▶ **ASSIGNMENT**
Only one stretch of the data should be retyped: the lines from the line containing "مقاومة للتمزق والتمزق." through the line containing "Sektörün hızla büyüyen". Keep pictures out of it.

==== RECORDS FOR THE EXERCISE ====

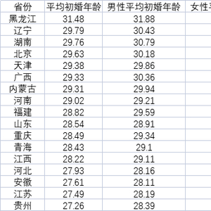 在17个省份中,东北的黑龙江和辽宁位居前两位,其中黑龙江平均初婚年龄达到31.48岁,辽宁的平均初婚年龄达到29.79岁,也接近30岁。其中,辽宁的男性平均初婚年龄已经达到30.43岁。
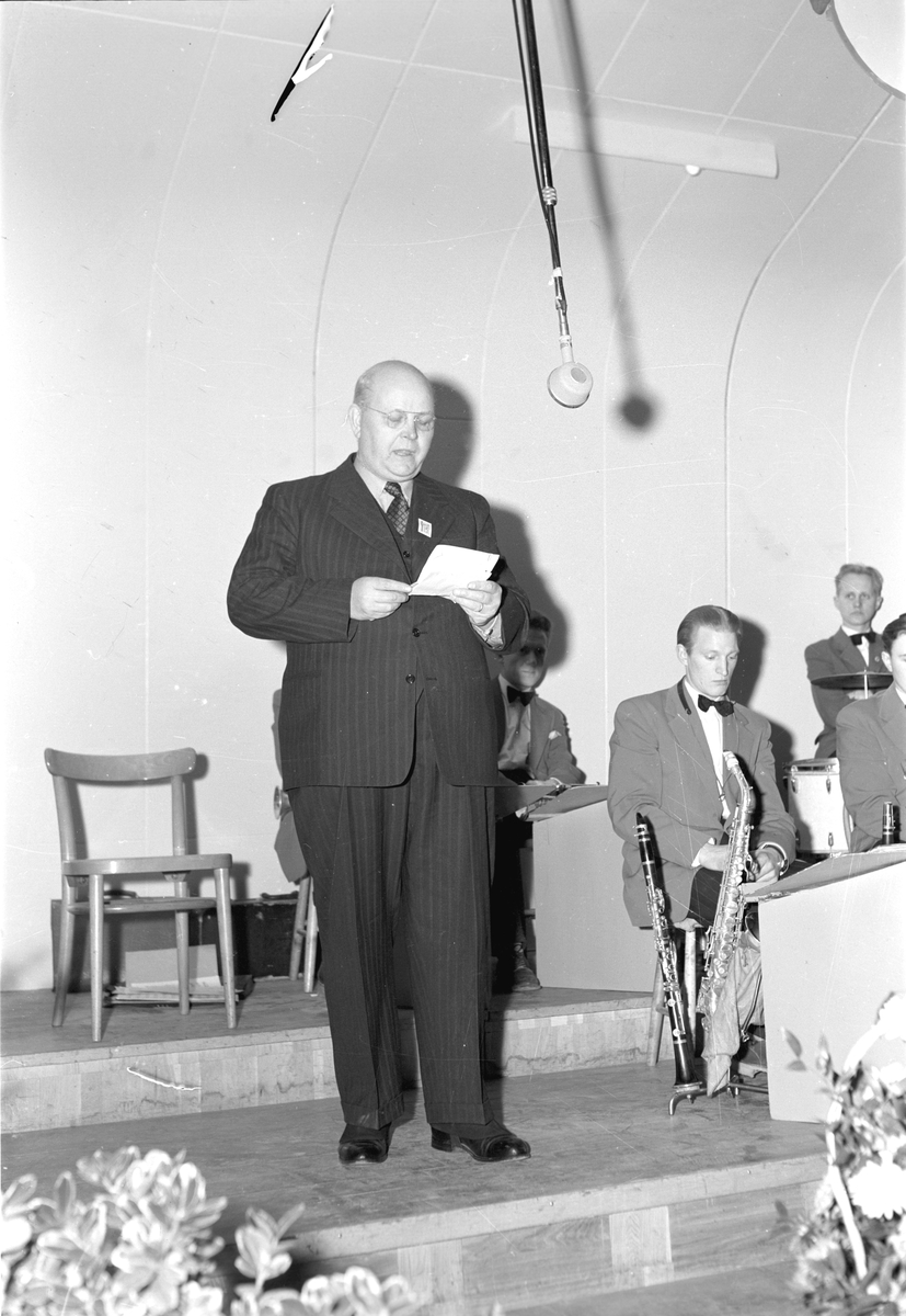 Konsum Alfa 50-årsjubileum på Rotundan, Folkparken. Medaljutdelning och middagsbord. 25 november 1948.
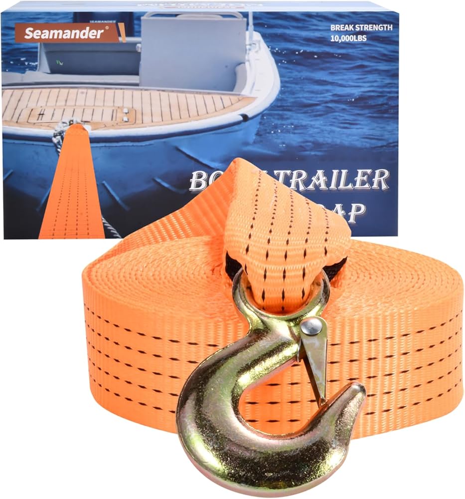 • حزام رافعة مقطورة قارب Seamander مصنوع من مواد صناعية، وهي مادة شبه مقاومة للماء ولا تتمدد بقدر النايلون مع منع العفن، وهذا أمر مهم لأن أحزمة الرافعة غالبًا ما تبتل. بالإضافة إلى ذلك، تتميز هذه الونش أيضًا بأنها مقاومة للتمزق والتمزق.
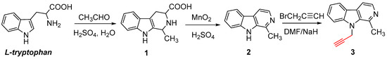 3.2. Synthesis of 1-Methyl-9-(prop-2-yn-1-yl)-β-carboline (3)
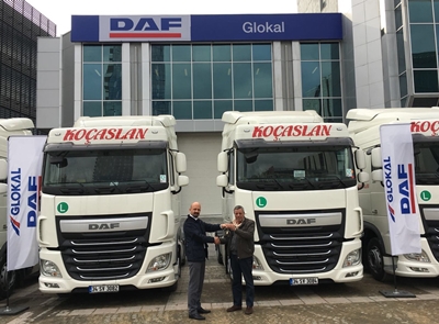 Sektörün hızla büyüyen firmalarından Bulung Lojistik firmasına Glokal Orhanlı tesisinden 15 adet DAF XF LD 480 4×2 çekici teslimatı yapıldı. Aynı gün Glokal’in İkitelli’de bulunan tesisinden de gene sektörün öncü firmalarından ve filosunda bulunan 32 adet aracın tamamı DAF marka olan Koçaslan Taşımacılık firmasına 6 adet XF LD 460 4×2 çekici teslimatı yapıldı.
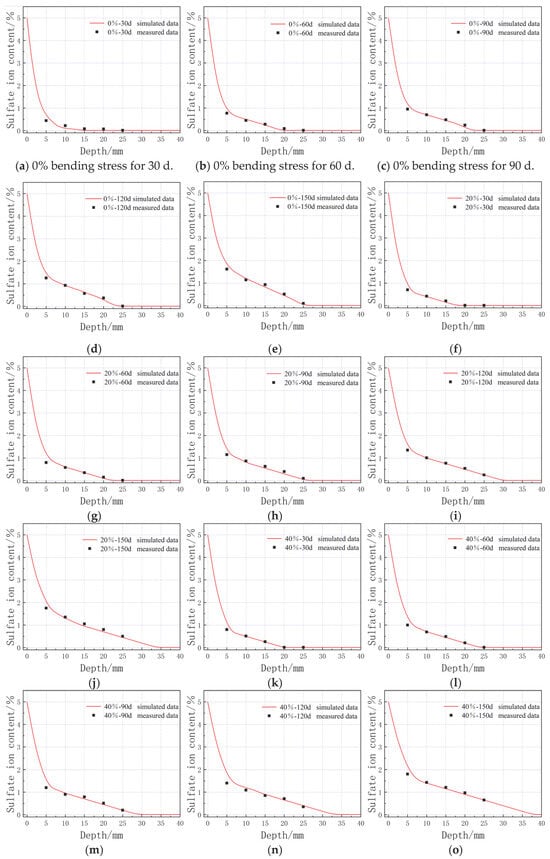 Figure 15 presents a comparison of the simulated results and the measured sulfate ion concentrations (obtained through EDTA complexometric titration) at various ages and depths under different magnitudes of bending stress. The figure indicates that the measured sulfate ion concentrations at varying depths are generally consistent with the simulated results across different bending stresses and erosion ages, with an error margin of approximately 5% observed only at a depth of 5 mm. This discrepancy can be attributed to the porous nature of cement-based materials, where applied stress alters the internal pore structure and increases micro-crack formation, leading to some deviation between the experimental and simulation outcomes. However, according to Sharifi and Wu et al. [25,43,44], a simulation error of 5% is within the allowable range. Additionally, as illustrated in the figure, the impact of bending stress on erosion diminishes as the erosion age increases. Consequently, after a certain point in the erosion age, bending stress ceases to enhance sulfate erosion.
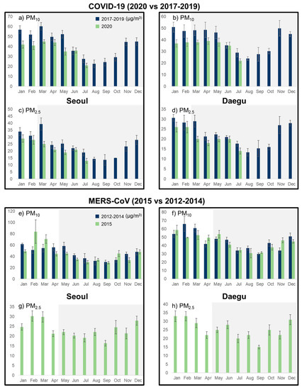 Figure 3 represents the change in the concentrations of atmospheric PM in COVID-19 and MERS-CoV in the current year compared to the previous three years. Since March, when social distancing due to COVID-19 began, PM2.5 and PM10 have seen significant declines in both Seoul and Daegu compared to the previous three years (excluding June). The average concentration of PM10 in Seoul in March was significantly reduced from 60.3 μg/m3 over the previous three years to 45.0 μg/m3 in 2020 (Figure 3a). In Daegu, it was significantly reduced from 48.3 μg/m3 to 38.4 μg/m3 (Figure 3b), showing 25.4% and 21.4% rate reductions in Seoul and Daegu, respectively.

====

▶ **ANSWER FOR THIS EXERCISE**
 • حزام رافعة مقطورة قارب Seamander مصنوع من مواد صناعية، وهي مادة شبه مقاومة للماء ولا تتمدد بقدر النايلون مع منع العفن، وهذا أمر مهم لأن أحزمة الرافعة غالبًا ما تبتل. بالإضافة إلى ذلك، تتميز هذه الونش أيضًا بأنها مقاومة للتمزق والتمزق.
 3.2. Synthesis of 1-Methyl-9-(prop-2-yn-1-yl)-β-carboline (3)
 Sektörün hızla büyüyen firmalarından Bulung Lojistik firmasına Glokal Orhanlı tesisinden 15 adet DAF XF LD 480 4×2 çekici teslimatı yapıldı. Aynı gün Glokal’in İkitelli’de bulunan tesisinden de gene sektörün öncü firmalarından ve filosunda bulunan 32 adet aracın tamamı DAF marka olan Koçaslan Taşımacılık firmasına 6 adet XF LD 460 4×2 çekici teslimatı yapıldı.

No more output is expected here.